Howard Krum later also received an award as Modern Pioneer from the National Manufacturers Association. Edward E. Kleinschmidt, on April 19, 1958, was awarded the honorary degree of Doctor of Engineering at the Polytechnic Institute of Brooklyn.

To continue: After the sale of patent rights in Canada, Mexico, and the United States to Western Electric, there remained the European and other foreign patent rights still with the original Morkrum and Kleinschmidt investors. The International Telephone and Telegraph Company wanted these rights, and, after negotiations in New York, a price was set for their purchase through the Creed Company in London, then owned by IT&T. Edward Kleinschmidt was sent to London in 1930 to close the deal. Some changes to the sales contract were requested by Creed which kept the cables busy by Kleinschmidt in asking for approval from A. T. & T. and Western Electric lawyers. Finally, upon all-around approval, the contract was signed at the previously-agreed-to price of one and a quarter million dollars.

CHAPTER 5
Teletypewriter Intercommunication Expands

TELEX

As a result of the acquisition of patents of the Morkrum-Kleinschmidt Company by the Lorenz company, Siemens & Halske, and, later, the Creed company in England, all of which we have discussed briefly, teletypewriter intercommunicating expanded rapidly. In just a short time, through the cooperation of these companies, it spread over all of Europe and was named TELEX (TELeprinter EXchange Service).

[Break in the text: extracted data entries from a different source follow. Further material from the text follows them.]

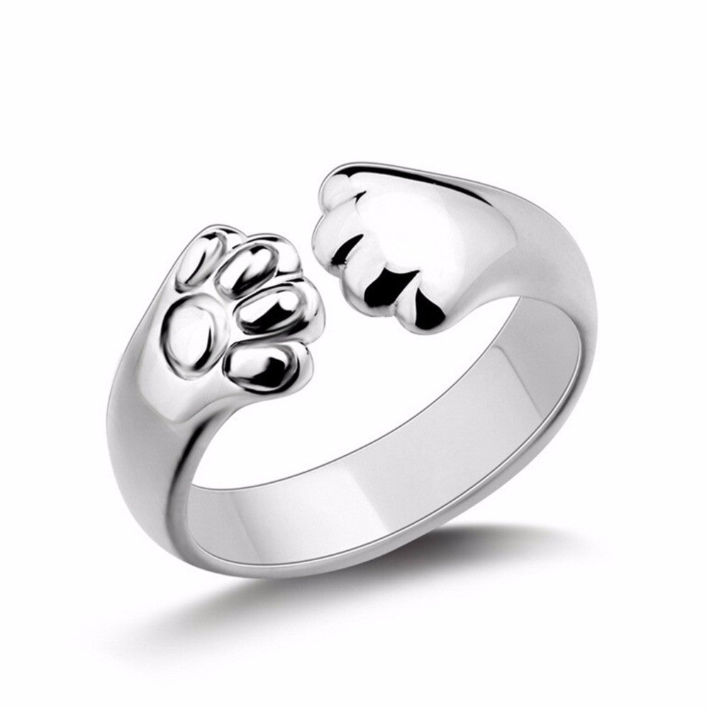 Women Lady Silver Plated Cat Paw Claw Rings Design Open Party Ring Adjustable For Young Girls Jewelry SM6
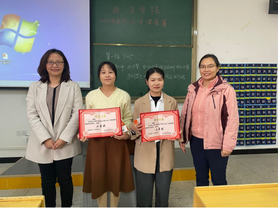 高琴老师和王小娟老师为金星、唐楚秦、王秋雨、叶方婷、宋绪林颁发三等奖
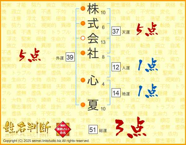 株(10画)式(6画)会(13画)社(8画) 心(4画)夏(10画)
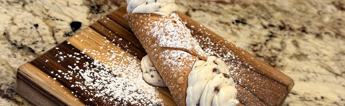Crisp pastry shell stuffed with chocolate studded sweet Italian cheese and dusted with sugar
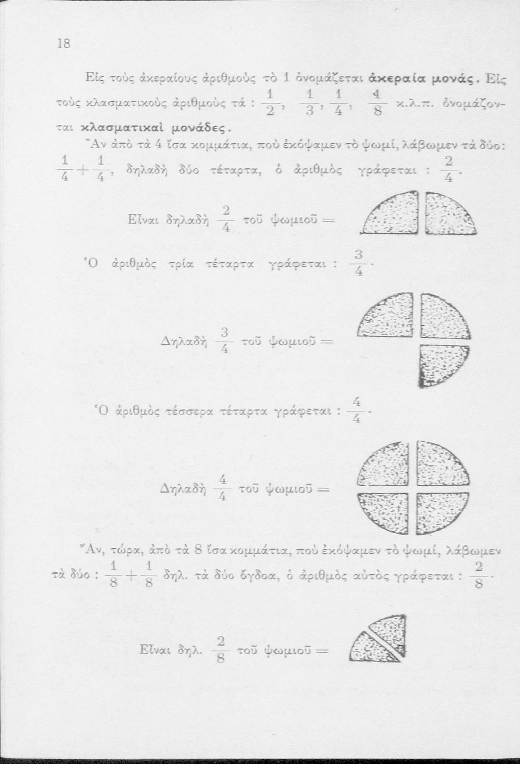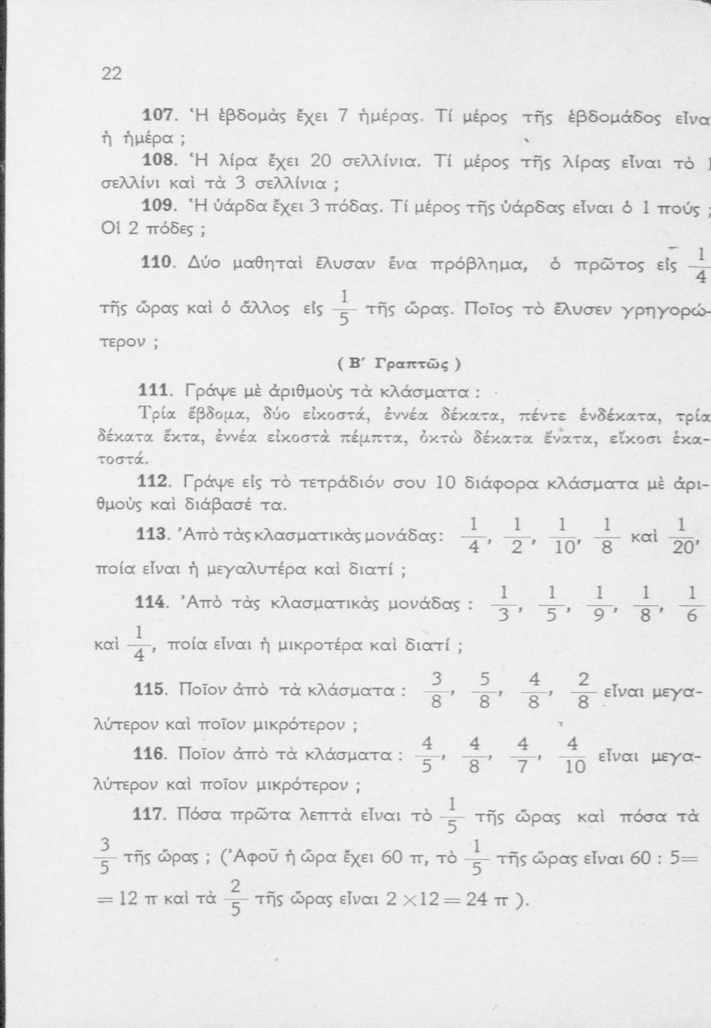 Βαθμίδα εκπαίδευσης: Πρωτοβάθμια Τάξη: Ε' Δημοτικού / ΣΤ' Δημοτικού Μάθημα: Μαθηματικά Γλώσσα: Καθαρεύουσα Παρουσίαση περιεχομένου: Μαθητικό βοήθημα Αριθμητικής για τις Ε΄ και ΣΤ΄ Δημοτικού που περιέχει ασκήσεις με επιχειρηματικό προσανατολισμό και εστιάζει στις αριθμητικές πράξεις με κλάσματα και την απλή μέθοδο των τριών. Η παρούσα έκδοση έχει μεταγλωττιστεί στην καθαρεύουσα. |
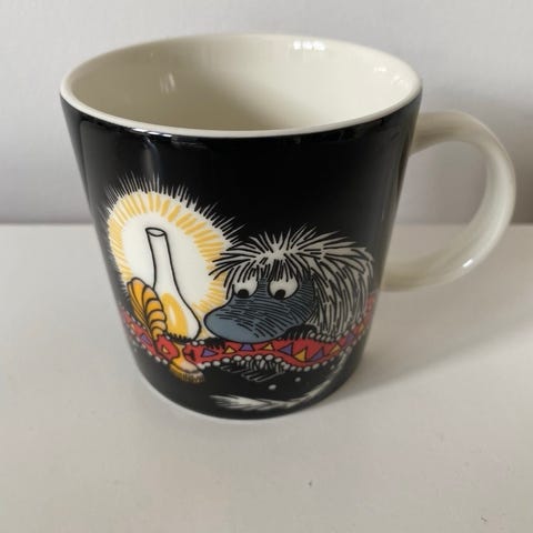 Porcelæn, Krus, kop, Mumi by Arabia, Mumi far tænker, sort, 1999-2013, 30 cl, helt nyt, vejer 249 gram.
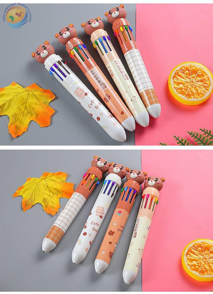 卡通小熊10色圆珠笔可爱文具学生书写工具彩色按动十色圆珠笔批发
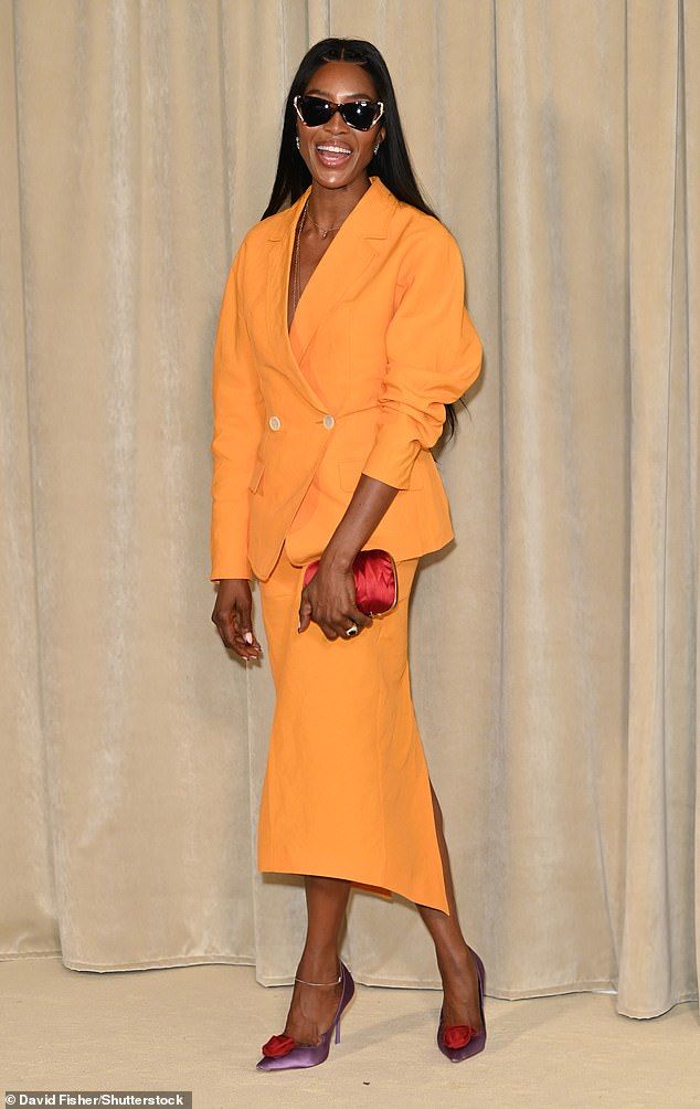 Supermodel Naomi, 55, looked chic in a bright orange two-piece suit, which featured a midi-length skirt and padded 80s-inspired sleeves
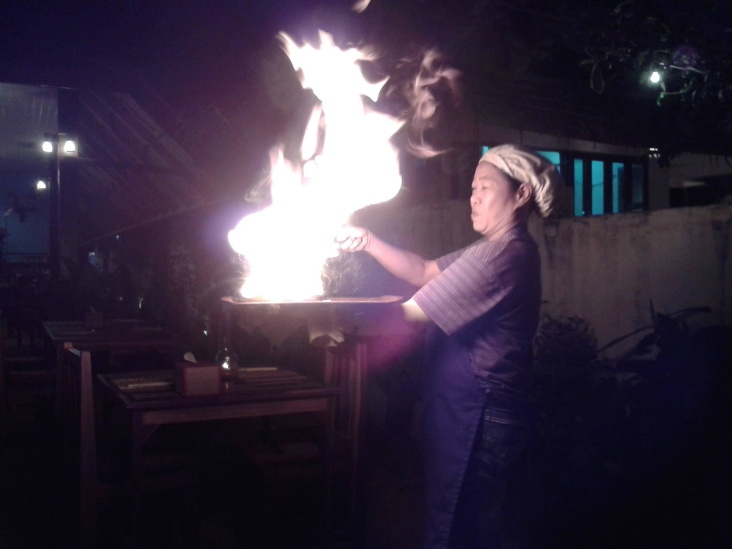 Hot Pan am Tisch angezündet
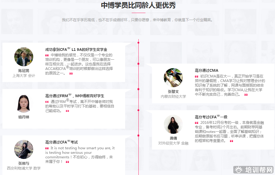 在ACCA、CMA、CFA®、FRM®、CIMA、CICPA等国际高端财经金融证书的教育上,中博教育以先进的知识管理体系、完善的客户服务系统、持续改善的学习型文化,赢得了学员的信赖,领跑于中国高端财经培训业。
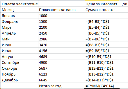 Построить электронную таблицу (в excel) «Оплата электроэнергии» для расчета ежемесячной платы за расход электроэнергии в течение года. Исходной информацией являются показания счётчика в начале каждого месяца и стоимость одного киловатт-часа.
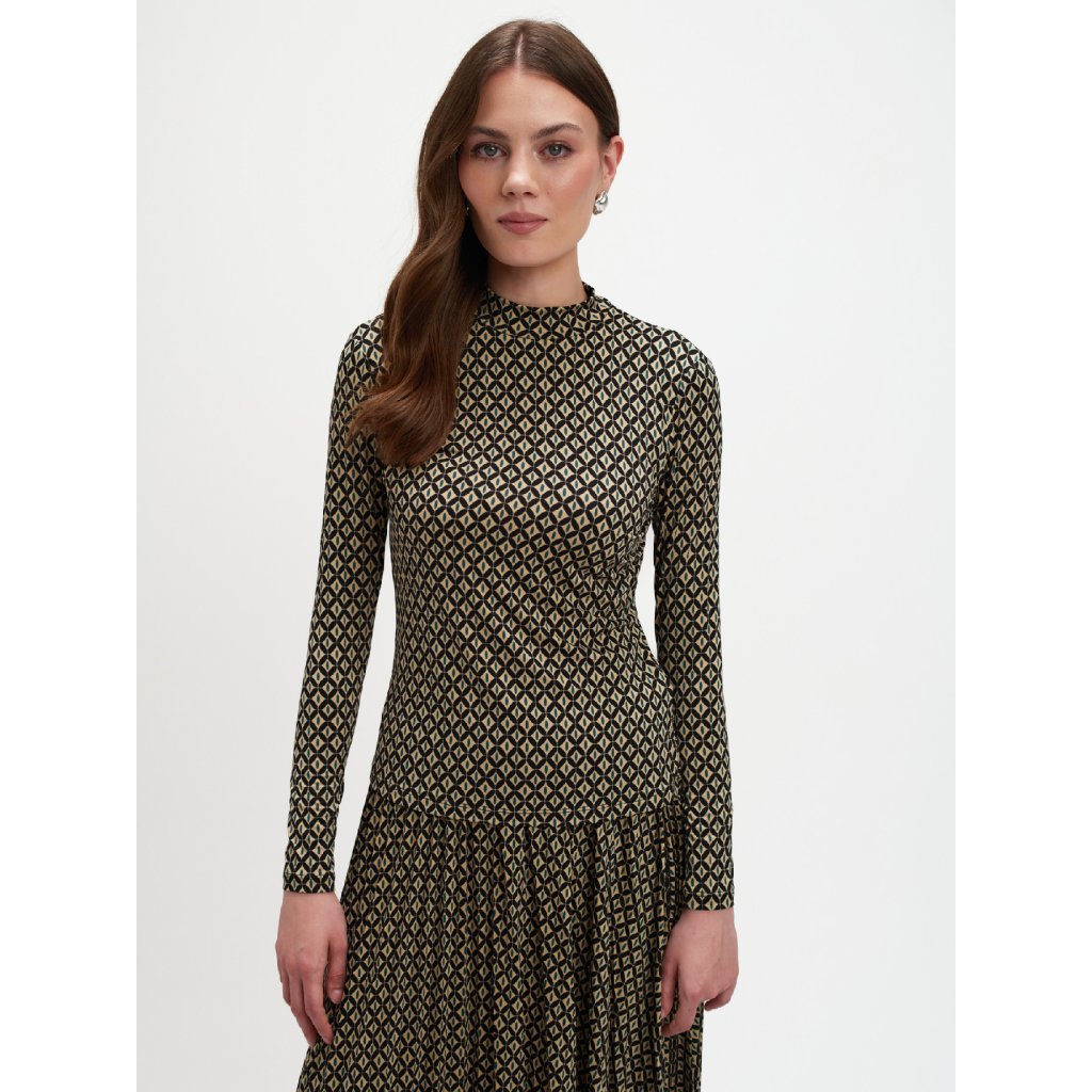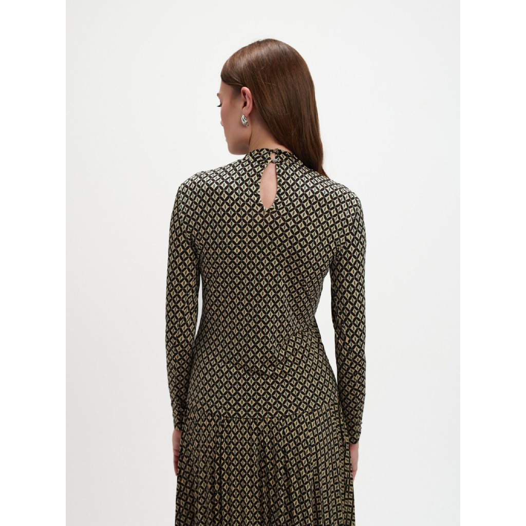 Elegantný top od značky Top Secret pôsobí mimoriadne štýlovo a zároveň nadčasovo. Vyznačuje sa zaujímavým geometrickým vzorom, ktorý okamžite pritiahne pozornosť a dodá outfitu moderný charakter. Vysoký golier a priliehavý strih krásne zvýraznia siluetu, zatiaľ čo dlhé rukávy dodávajú kúsku eleganciu a všestrannosť – ideálny je do práce, na spoločenské stretnutia aj na každý deň, keď chcete pôsobiť upravene a chic. Tento top je dokonalou voľbou pre ženy, ktoré milujú kombináciu ženskosti a sofistikovanosti. Pre dokonalý outfit odporúčame kombinovať so sukňou s rovnakým vzorom z našej novej kolekcie.Dodatočné parametre

Dr. Gerhard Grimsen of the Lorenz company, in a letter to Edward E. Kleinschmidt, dated July 11, 1962, states, in part (slightly edited):

The story of printing telegraph apparatus using an equal length code in the Lorenz Co. commences in 1927 with the acquisition of the most important patents of the Morkrum-Kleinschmidt Co.

Before then, the Lorenz people were busy in manufacturing Morse apparatus and delivering exchange tickers which used the Hughes code. The transmitter had a piano keyboard, the receiver was a page printer with a moving type wheel.... The biggest network of this kind was installed in the Berlin Police service (with one transmitter and about 300 receivers). The connections between the headquarters and the substations were built by using guttapercha cable lines owned by the police administration. This broadcasting network was erected around 1907. By 1927 the cables had aged, by normal corrosion, to such a degree that instead of 110-volt double current transmitting voltage, little by little, up to 220 volts was necessary for a fairly satisfying operation. Also, the maintenance of the apparatus became more costly.

This was the situation when some communication experts of the police and the post administration made the first studies about the newest telegraph technique in the U. S. A.... They found that the start-stop, five-unit tape printer, the Model 14, developed and manufactured by the Morkrum-Kleinschmidt company, would be the best instrument to replace the old ones in the police service as well as in the telegraph business of the German post administration.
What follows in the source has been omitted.